** Work required **
The records that follow are to be reproduced exactly. Any pictures in them are left out.

** Supplied data **
____
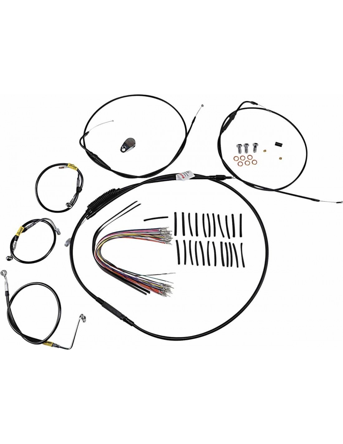 Burly BrandKit di controllo per prime moto touring con manubrio a barra baggerCiascun kit include un tubo freno esteso in modo specifico alla lunghezza del manubrio, un tubo frizione estesa e cablaggio esteso, così come tutti i componenti necessari per installare i manubri sul tuo modello touring Harley-Davidson
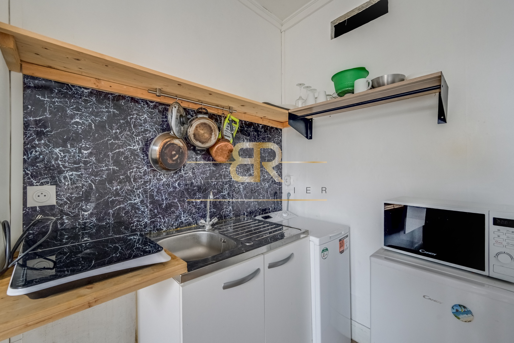Ce bien possède une pièce de vie avec kitchenette, une salle d'eau avec WC (sanibroyeur).
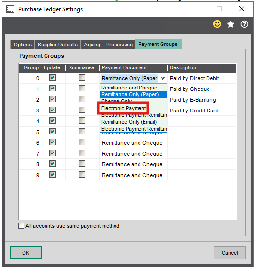 In the final stage of the process, you’ll configure the steps within Sage 200. Begin by setting up a payment group. This step generates the e-Banking document. To do this, navigate to Purchase Ledger > Utilities > Ledger Setup > Ledger Settings > Payment groups tab. From the Payment Document drop-down menu, select ‘Electronic Payment’.
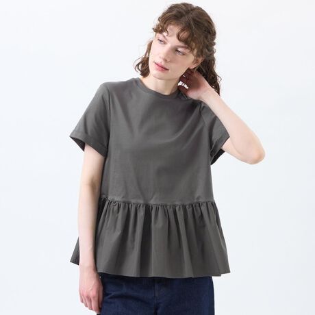 マットなブロード素材とキレイ目ジャージを組み合わせた異素材コンビがポイントのデザインTシャツ。
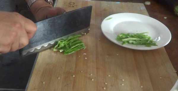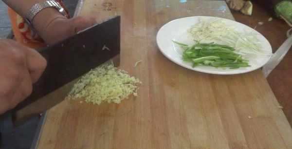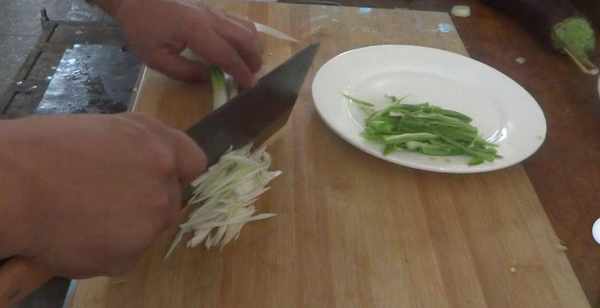 3.葱切丝、大蒜瓣切小丝、姜切末。
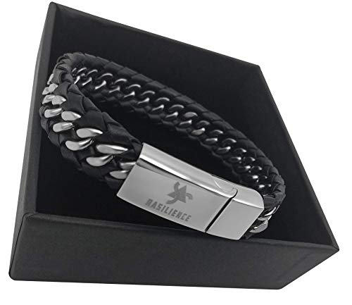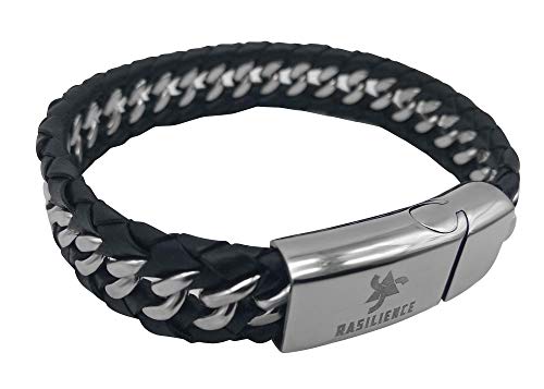 Rasilience Bracciale Uomo Cuoio nero e treccia di Acciaio fatta a mano con chiusura magnetica stile moderno elegante
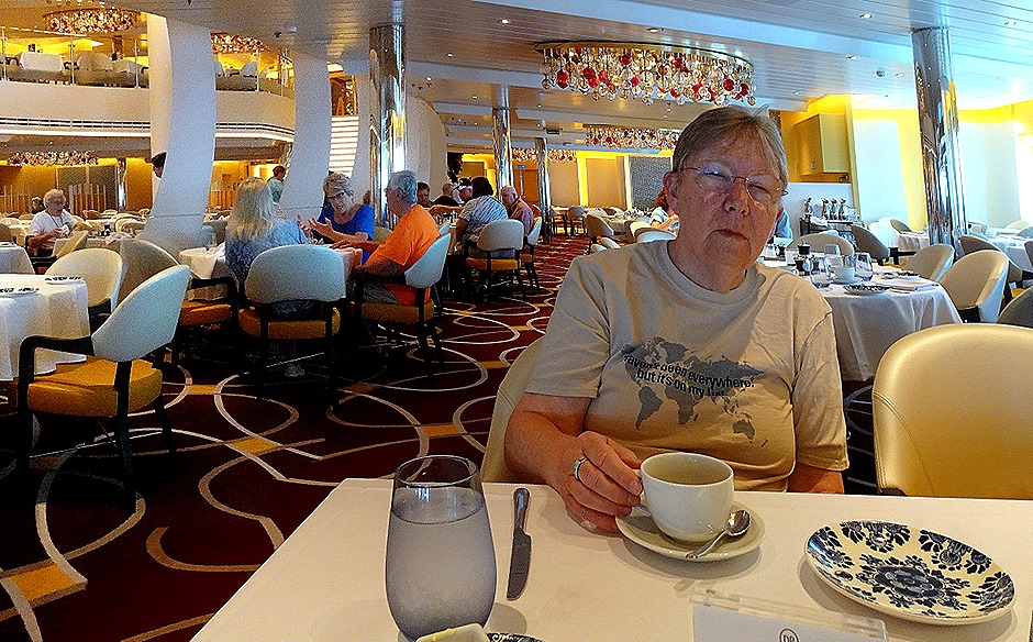 We ate most of our dinners, and breakfasts on sea days, in the Main Dining Room, which had unusual curved pillars holding up the second floor. During the first leg of our back-to-back we had a table upstairs by the rail, but there were several hundred fewer passengers on the second leg so they closed the upstairs and everyone had to be seated downstairs. Presty, who many of you may know from world cruises, was the dining room manager. He recognized our faces right away and was very solicitous, arranging a table by the windows for us when we were moved downstairs. We had arranged to share a table with our world cruise tablemates Bob & Judy, and were most disappointed when a non-Covid medical issue made them miss our cruise at almost the last minute.
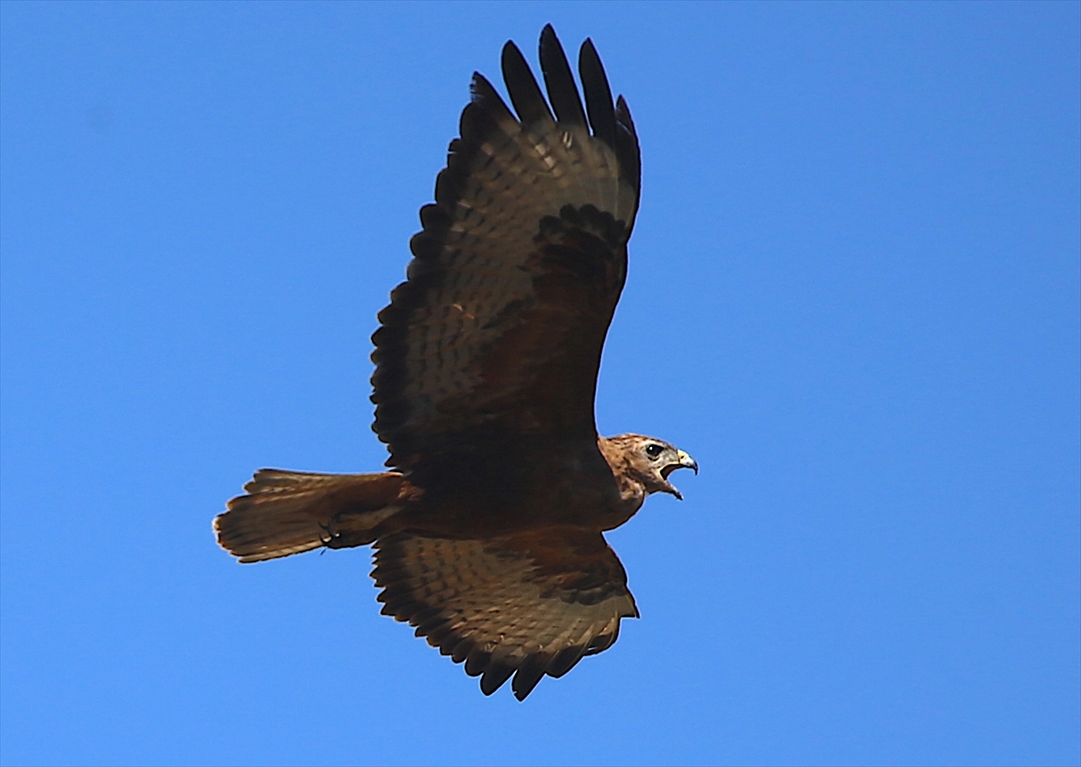 Kızıl şahin, ilçe semalarında gezinirken AA muhabiri tarafından kayda alındı.
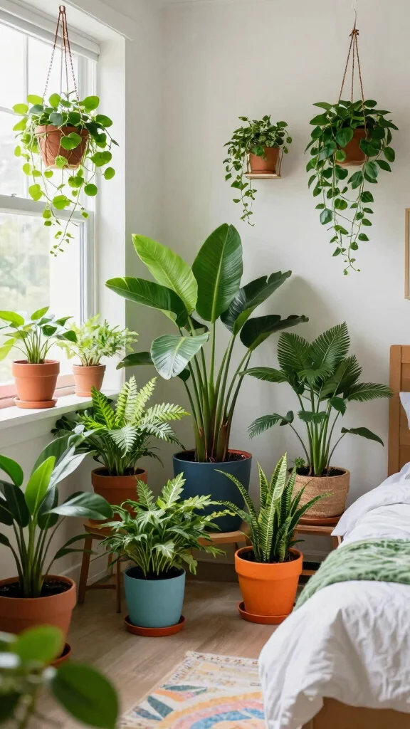 Bring the beauty of nature indoors with vibrant houseplants that uplift your bedroom ambiance. Not only do plants add a splash of color, but they also improve air quality and promote a sense of well-being. Choose colorful pots that complement your decor, creating a lush, inviting environment.
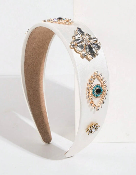 1pc Vintage Headband With Beaded & Pearl Decoration Royal
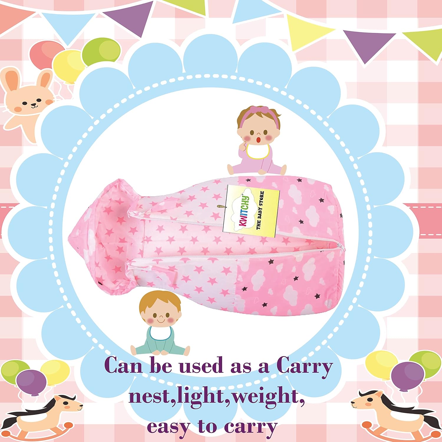 Kwitchy child service nests sleeping bag is designed for simple portability. This sleeping bag include a hood and a straightforward entry zipper which make for a hassle-free journey expertise for each the mama and the newborn. This carry bag ensures that the newborn is roofed from head to toe, maintaining child heat always.
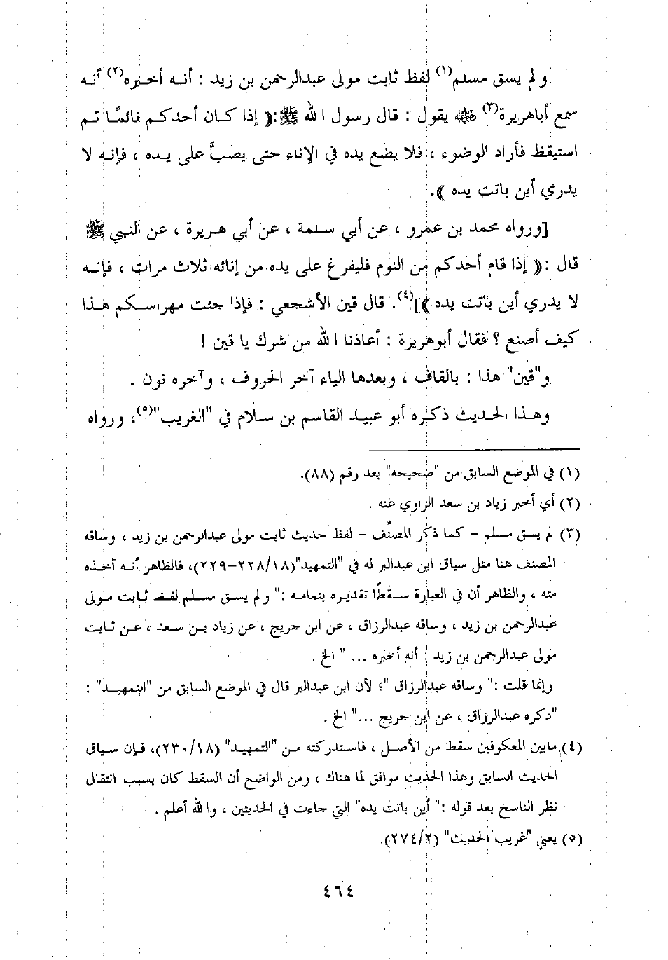 [ورواه محمد بن عمرو، عن أبي سلمة، عن أبي هريرة، عن النبي صلى الله عليه وسلم قال: "إذا قام أحدكم من النوم فليفرغ على يده من إنائه ثلاث مرات، فإنه لا يدري أين باتت يده"]. قال قين الأشجعي: فإذا جئت مهراسكم هذا كيف أصنع؟ فقال أبو هريرة: أعاذنا الله من شرك يا قين!
____
** Written answer **
 Burly BrandKit di controllo per prime moto touring con manubrio a barra baggerCiascun kit include un tubo freno esteso in modo specifico alla lunghezza del manubrio, un tubo frizione estesa e cablaggio esteso, così come tutti i componenti necessari per installare i manubri sul tuo modello touring Harley-Davidson
Ce bien possède une pièce de vie avec kitchenette, une salle d'eau avec WC (sanibroyeur).
 In the final stage of the process, you’ll configure the steps within Sage 200. Begin by setting up a payment group. This step generates the e-Banking document. To do this, navigate to Purchase Ledger > Utilities > Ledger Setup > Ledger Settings > Payment groups tab. From the Payment Document drop-down menu, select ‘Electronic Payment’.
 マットなブロード素材とキレイ目ジャージを組み合わせた異素材コンビがポイントのデザインTシャツ。
 3.葱切丝、大蒜瓣切小丝、姜切末。
 Rasilience Bracciale Uomo Cuoio nero e treccia di Acciaio fatta a mano con chiusura magnetica stile moderno elegante
 We ate most of our dinners, and breakfasts on sea days, in the Main Dining Room, which had unusual curved pillars holding up the second floor. During the first leg of our back-to-back we had a table upstairs by the rail, but there were several hundred fewer passengers on the second leg so they closed the upstairs and everyone had to be seated downstairs. Presty, who many of you may know from world cruises, was the dining room manager. He recognized our faces right away and was very solicitous, arranging a table by the windows for us when we were moved downstairs. We had arranged to share a table with our world cruise tablemates Bob & Judy, and were most disappointed when a non-Covid medical issue made them miss our cruise at almost the last minute.
 Kızıl şahin, ilçe semalarında gezinirken AA muhabiri tarafından kayda alındı.
 Bring the beauty of nature indoors with vibrant houseplants that uplift your bedroom ambiance. Not only do plants add a splash of color, but they also improve air quality and promote a sense of well-being. Choose colorful pots that complement your decor, creating a lush, inviting environment.
 1pc Vintage Headband With Beaded & Pearl Decoration Royal
 Kwitchy child service nests sleeping bag is designed for simple portability. This sleeping bag include a hood and a straightforward entry zipper which make for a hassle-free journey expertise for each the mama and the newborn. This carry bag ensures that the newborn is roofed from head to toe, maintaining child heat always.
 [ورواه محمد بن عمرو، عن أبي سلمة، عن أبي هريرة، عن النبي صلى الله عليه وسلم قال: "إذا قام أحدكم من النوم فليفرغ على يده من إنائه ثلاث مرات، فإنه لا يدري أين باتت يده"]. قال قين الأشجعي: فإذا جئت مهراسكم هذا كيف أصنع؟ فقال أبو هريرة: أعاذنا الله من شرك يا قين!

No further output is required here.